• aaro [they/them, she/her]
    ·
    3 years ago

    if we wouldn’t resent our friends or comrades who have different desires, projects or tactics; if we wouldn’t project that guilt onto them—if we could stop doing all that, we would be so much closer to imagining truly revolutionary tactics, liberatory ways of life, abolitionist strategies.

    ...

    there are probably people you know who think that Lenin, Mao, and Stalin were right to call your average lazy workers saboteurs and wreckers, to put them in prisons and gulags, to subject them to public criticism sessions or secret trials and executions for refusing to work. Once we establish the worker’s state you’ll love your job . . . or else. These poor lost souls have rejected market economies only to make the revolution their boss.
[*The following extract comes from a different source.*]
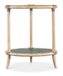 - Shape & Storage: Round tabletop with one fixed lower shelf for display or storage

    Still other comrades argue that the correct response to work is to organize, or, more explicitly, to unionize. And yet, most of the union organizers I know see their work as an exhausting, thankless, Sisyphean task that nevertheless must be done. My job is already an exhausting thankless Sisyphean task that nevertheless must be done! How will I make my job more palatable by doing a double shift for the union?

    smh my dick head :deeper-sadness:

    • TreadOnMe [none/use name]
      ·
      edit-2
      3 years ago

      Honestly fuck this. You organize around labor because it is your only theoretical hand on the levers of power on the engine of the industrial firm. Capital is in charge of the industrial firm as it exists and produces, and will and has used that historically unprecedented power to drown and marginalize you and whatever non-industrial movement you come up with. It doesn't even have to use violence, though that is always the backstop, it will simply make and replicate more material culture than you until you are up to your ears in it, no matter how loud you scream that you are a revolutionary.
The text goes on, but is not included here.